Of all the common coal-measure plants, there is perhaps none so abundant as that known by the name of stigmaria, or punctured-stem. It is found spreading out its rootlets for several yards in beds of shale and under-clay, and sometimes even limestone,[20] while, in many sandstones, fragments of its blackened stems lie as thickly strewn as twigs among the woods in autumn. I have said that several of the plants above described have greatly puzzled botanists. None of them, perhaps, has given rise to so much conjecture and variety of opinion as the stigmaria. The history of the discussion regarding its nature and affinities, would be not a little interesting as an illustration of the slow hindered progress often attendant on the researches of science, and an instance of how a few simple facts are sometimes enough to overturn the most plausible theories and probable conjectures.
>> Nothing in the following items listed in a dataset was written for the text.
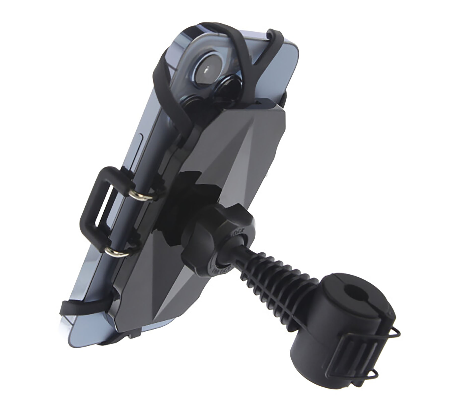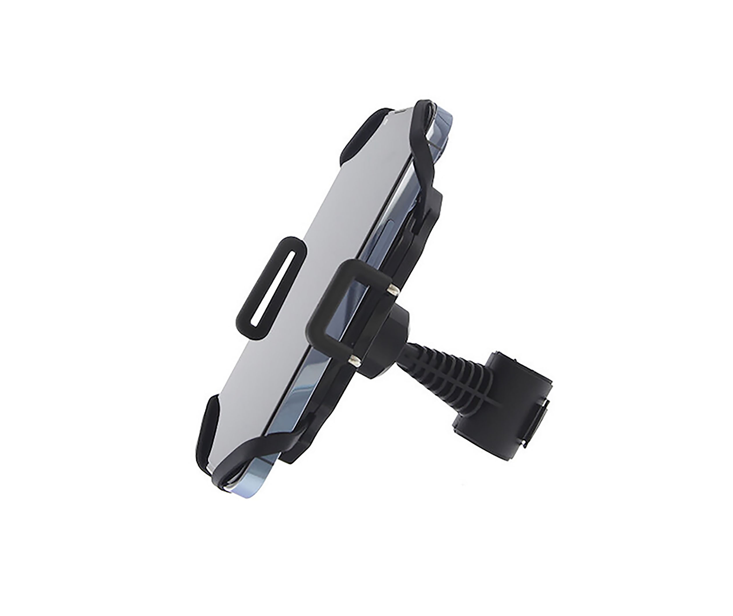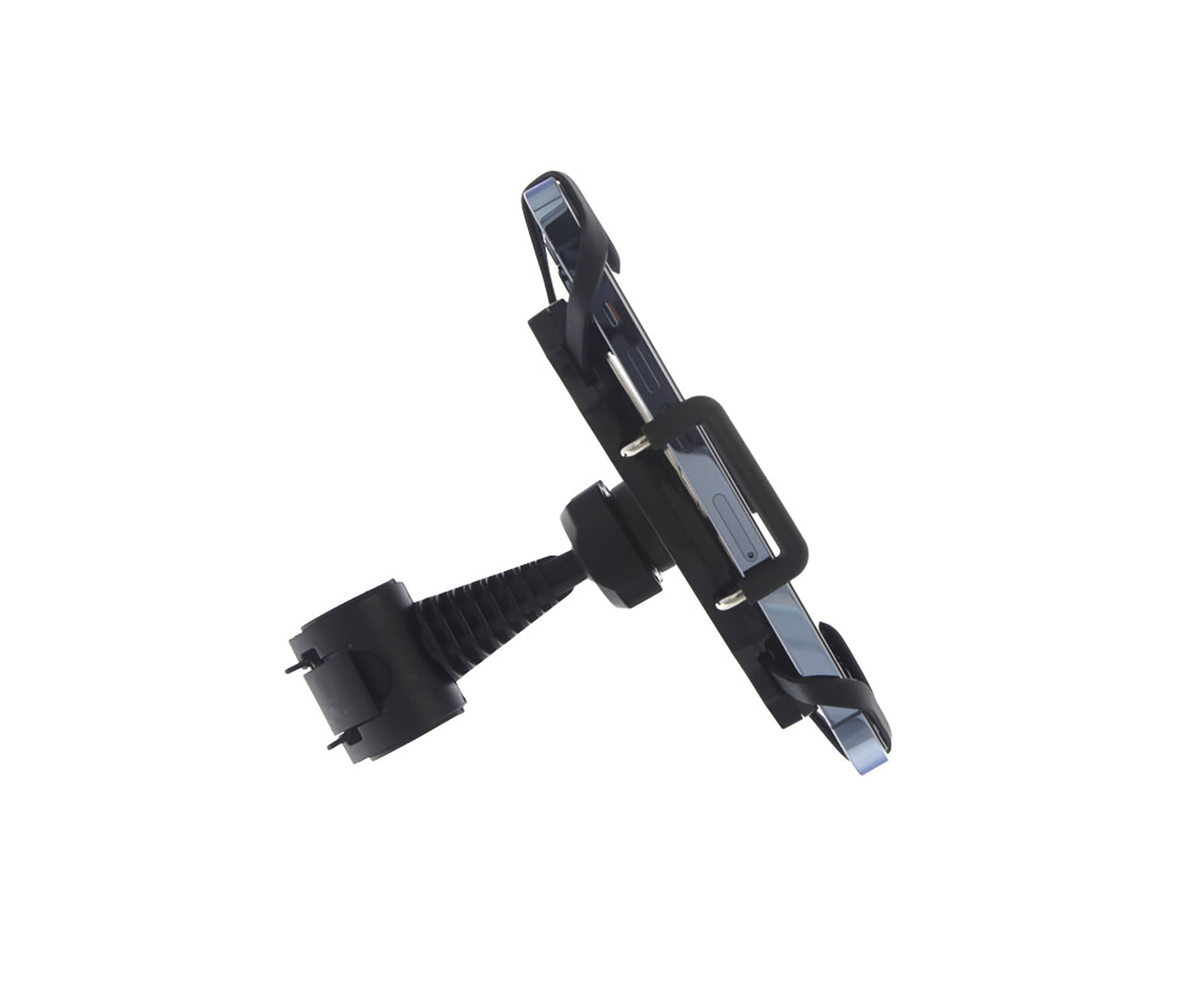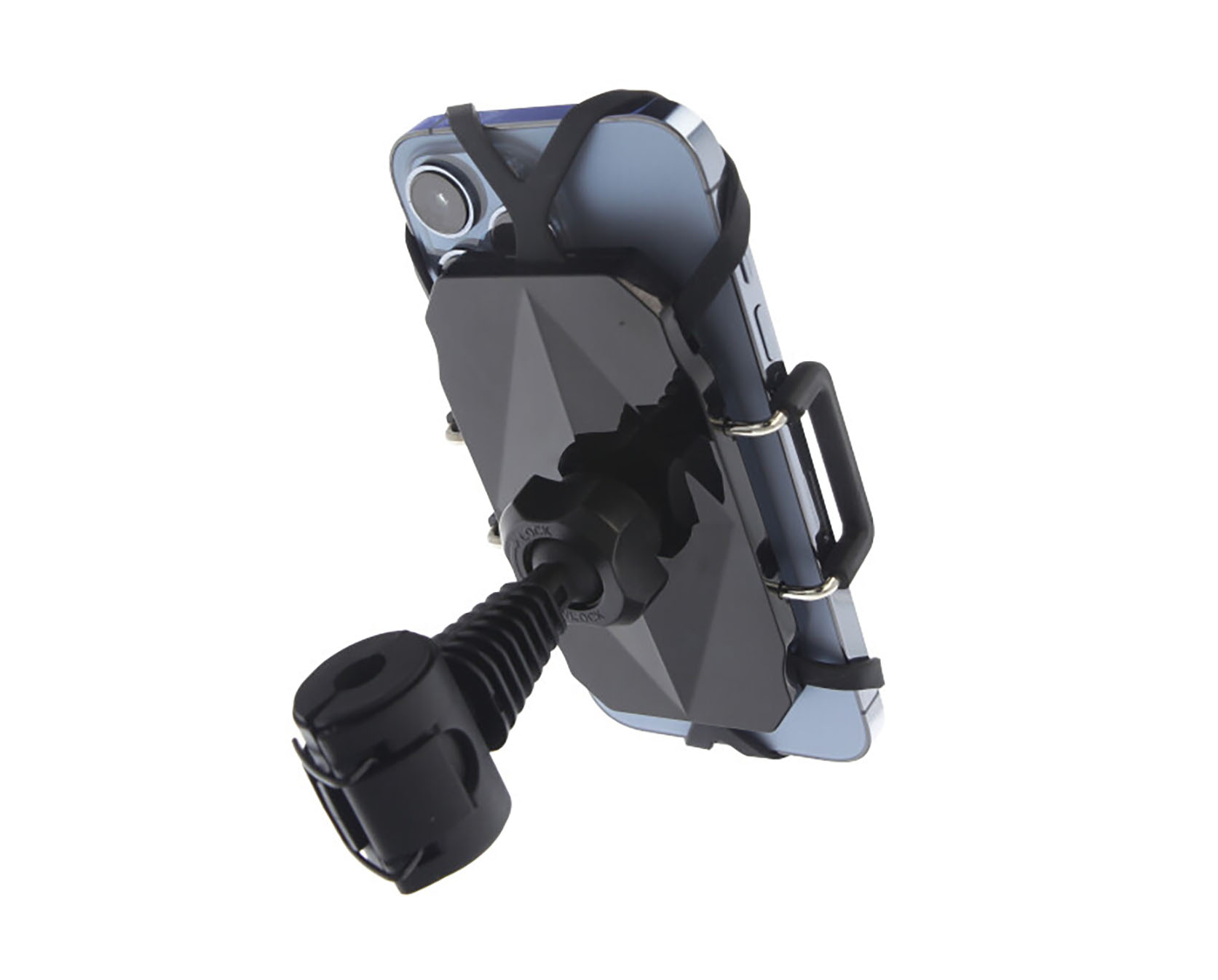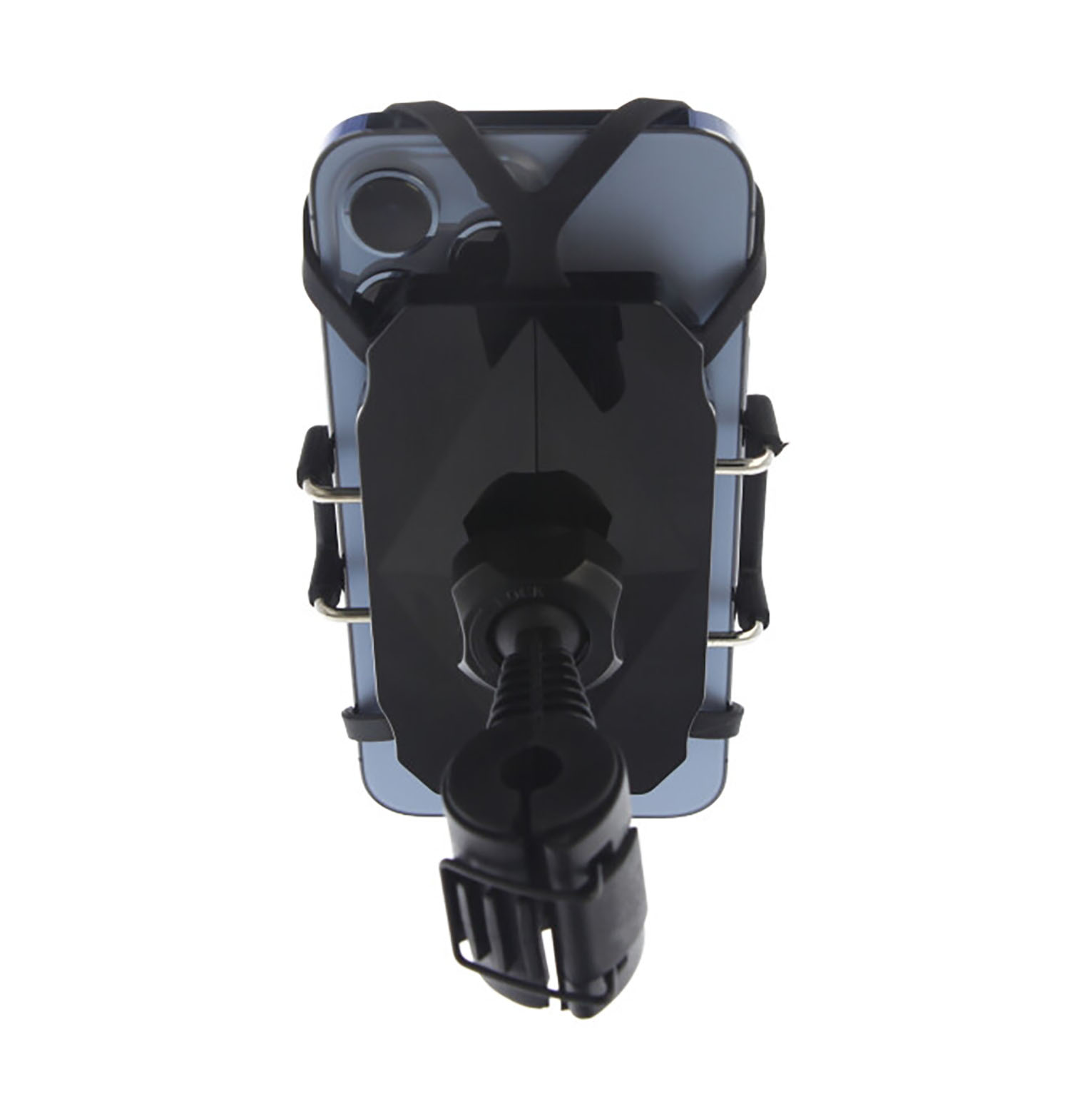 Deze telefoonhouder klemt de telefoon aan de zijkant en met elastiek in de hoeken waardoor deze houder extra veilig in gebruik is.
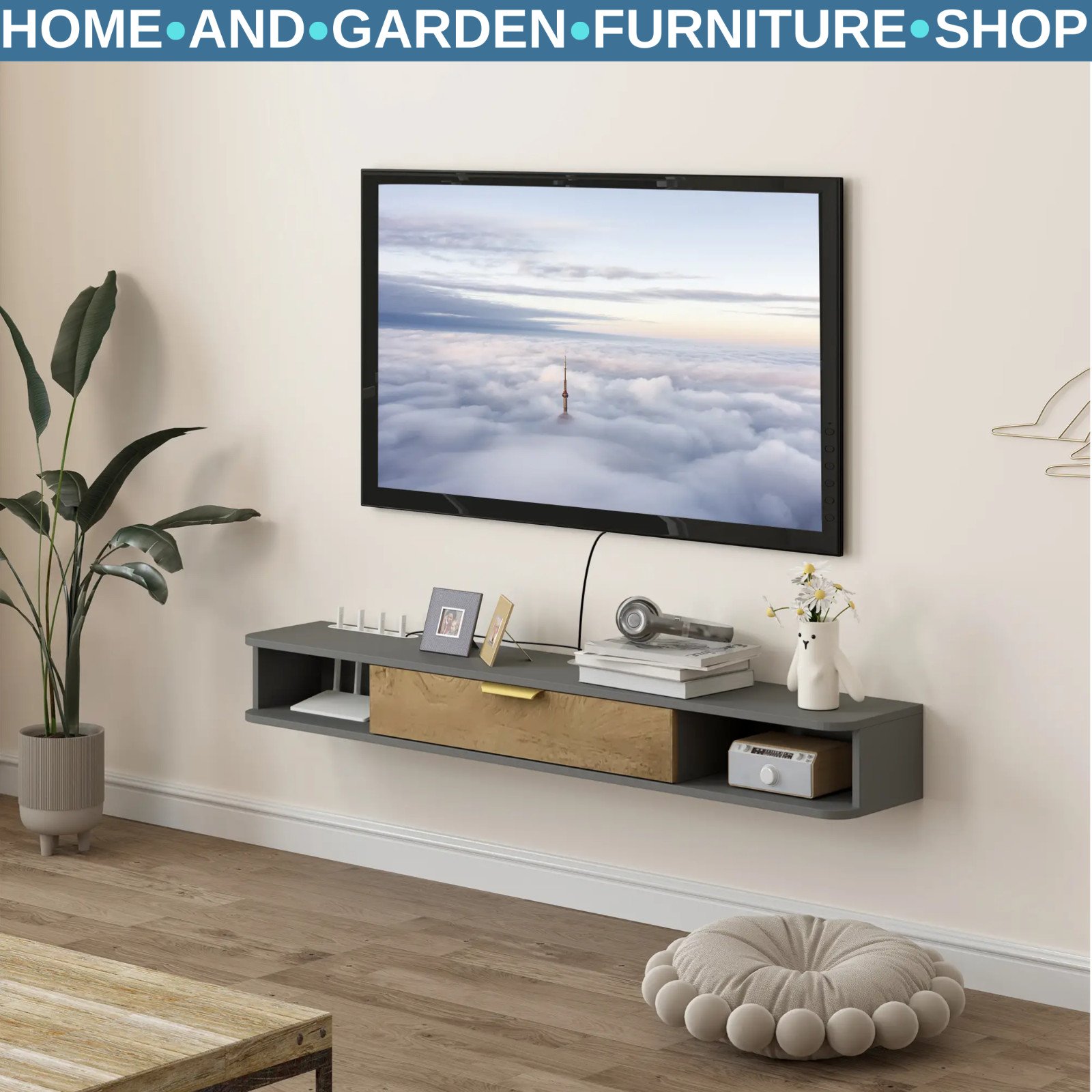 TV Stand Floating Engineered Wood Frame with Two Open Compartment Charcoal Grey
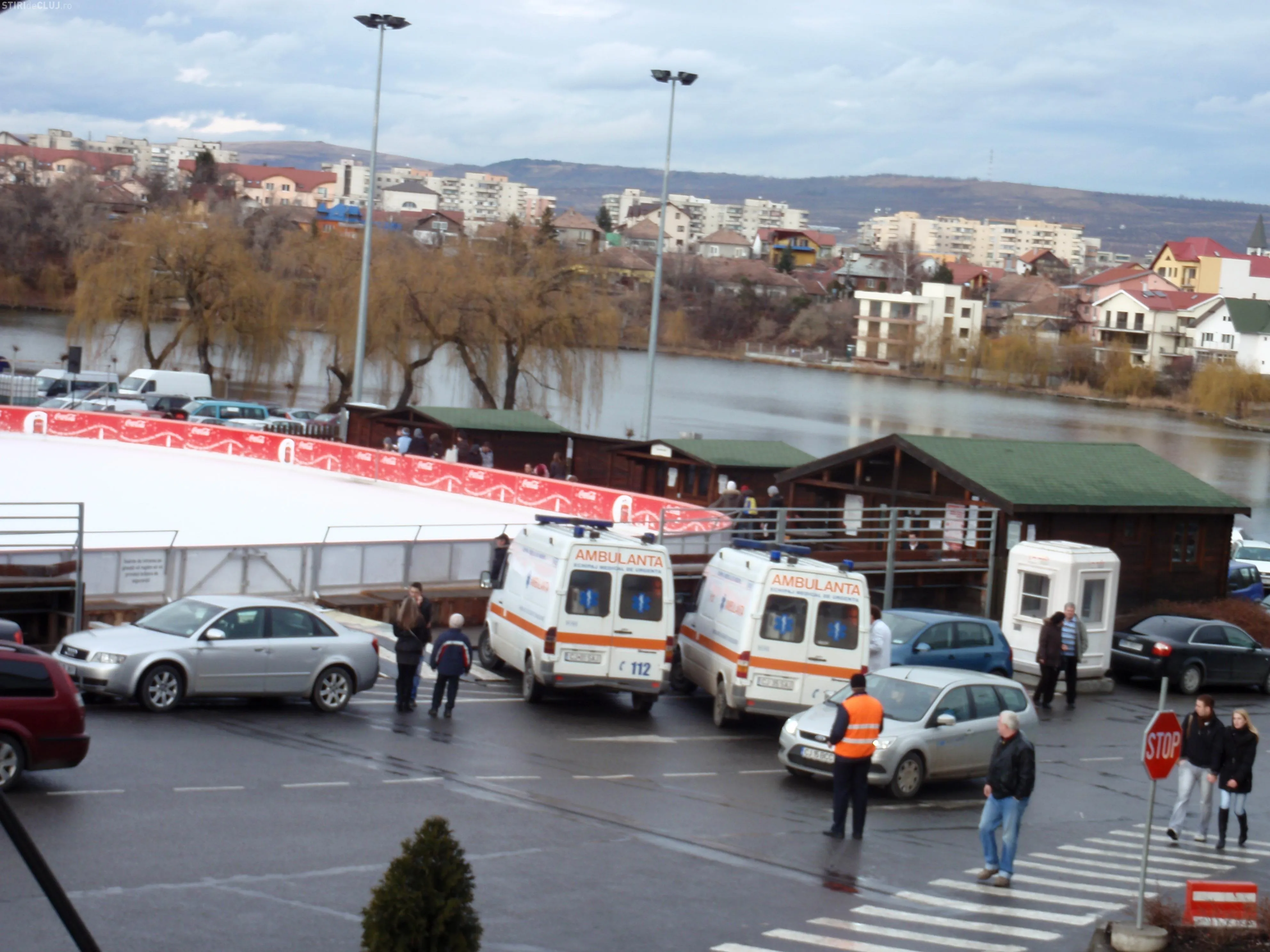 Un tanar si-a rupt piciorul pe gheata patinoarului de langa centrul comercial din Gheorgheni.
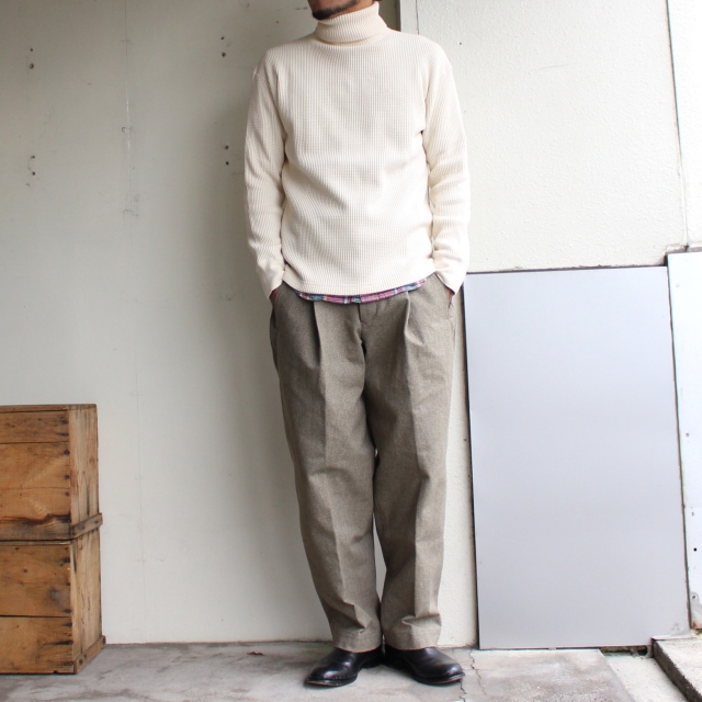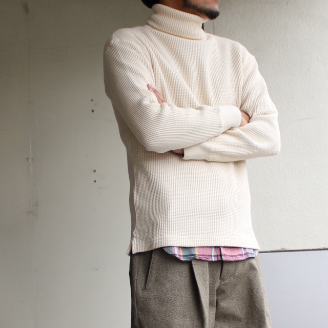 20番の太番糸で編み立てたコットンへビーワッフル生地にアレンジしたタートルネックカットソー。
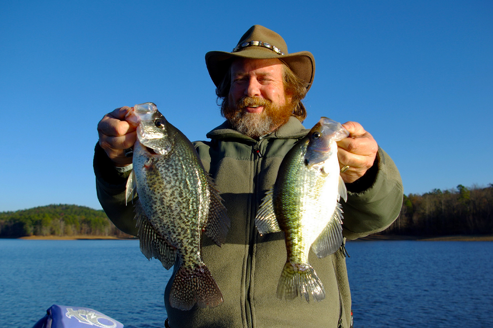Author Keith Sutton shows a dandy pair of crappie caught using some of his “power tactics.” (Photo: Jerry Blake)
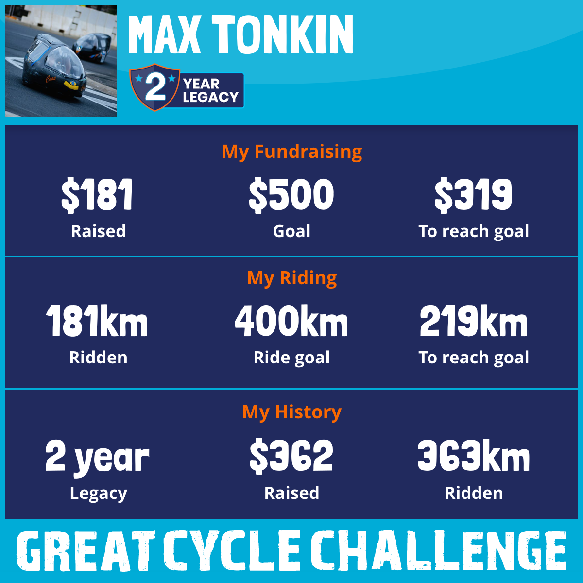 181 km Ridden$181 Raised2026
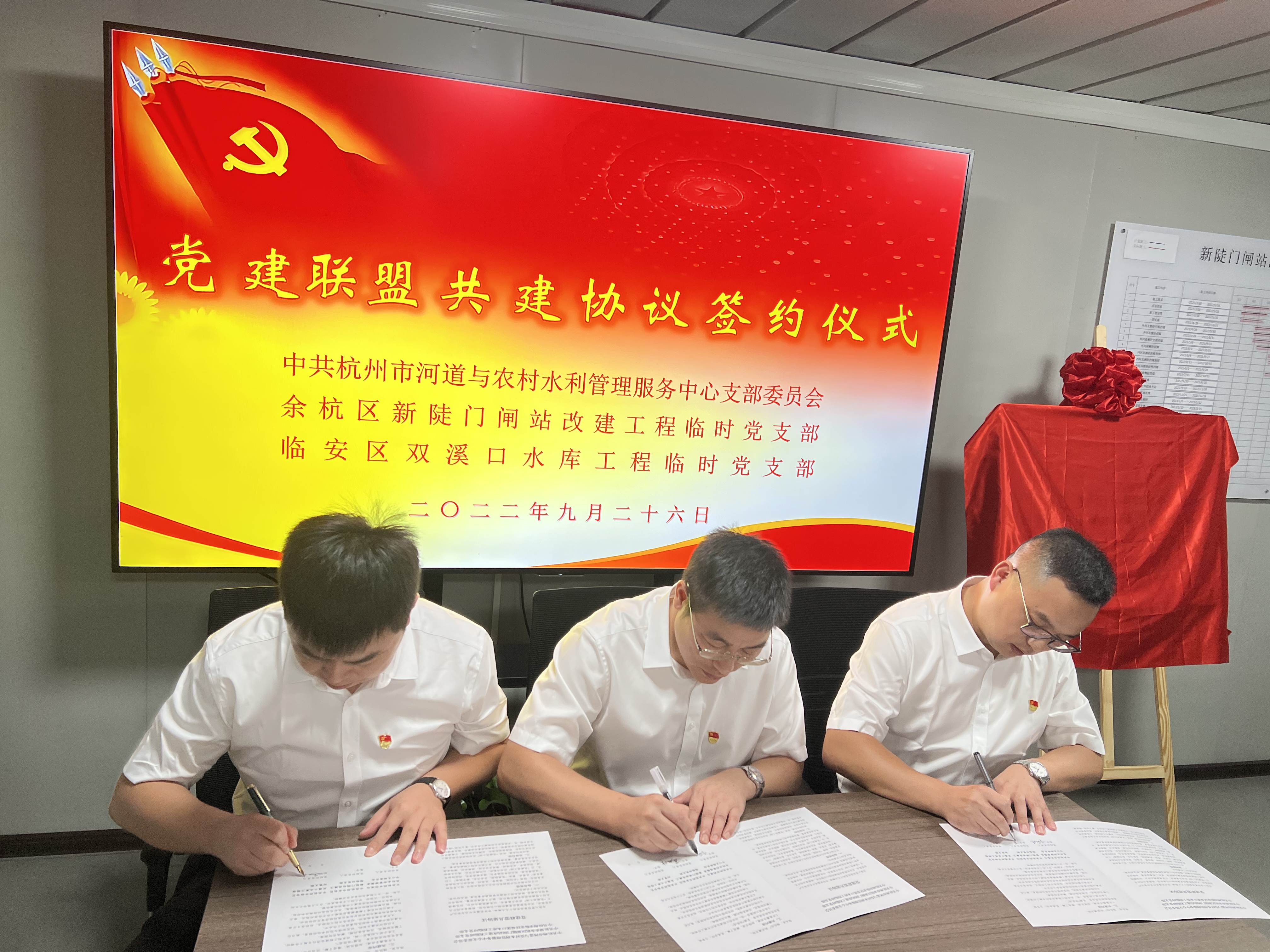 9月26日,中共杭州市河道与农村水利管理服务中心支部委员会、中共杭州市余杭区新陡门闸站改建工程临时党支部、中共杭州市临安区双溪口水库工程临时党支部在新陡门闸站改建工程现场举行党建联建协议签约仪式。市农水中心支部书记、主任叶利伟,余杭区林水局党委委员、二级调研员徐伟林,临安水利局机关党委副书记、纪检书记刘勇,新陡门闸站改建工程临时党支部书记葛旭峰,双溪口水库工程临时党支部书记孟天琦及各支部代表参加签约活动。
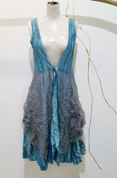 hier in einer wunderschönen türkisfarbenen Seide gepaart mit einem Seidenorganza in der Farbe rauchquarz. Ein verspielter Hingucker zu farbig passenden Kleidern oder Röcken. Die Seide haben wir in sehr vielen Farben auf Lager, sollte Ihnen diese hier nicht gefallen. Sprechen Sie uns einfach an.
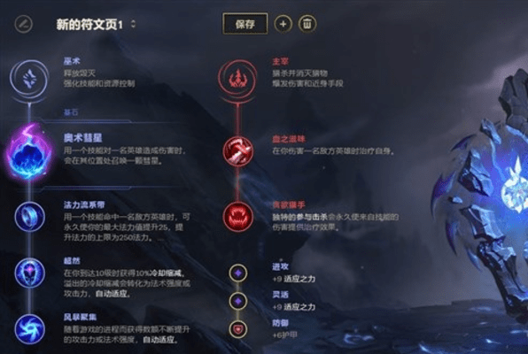 上单位置大头选择彗星符文,搭配固定的法师符文流系带与超然,最后一行如果为了更好地打对线消耗可以点一个焦灼,如果更注重成长属性则可以点风暴聚集,副系则为了提升赖线能力点出血之滋味与贪欲猎手。
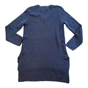 Organic cotton blend mid weight sweater knit -Long sleeved v-neck tunic with oversized side vents -Mixed knit stitches used throughout to provide pattern and texture -Relaxed fit

Many thousands of specimens had been examined ere one was found that revealed the true nature of the stigmaria. It was by some imagined to be a soft succulent marshy plant, consisting of a number of long branches radiating from a sort of soft disk, like spokes from the centre of a wheel. Analogies were suggested with dicotyledonous tribes, as the cacti and euphorbiæ, though it was at the same time admitted that the ancient plant presented appearances which seemed very anomalous.

[20] The fresh-water limestone of Mid-Calder abounds in long trailing stems and rootlets of stigmaria, mingled with other terrestrial plants, and shells of cyprides.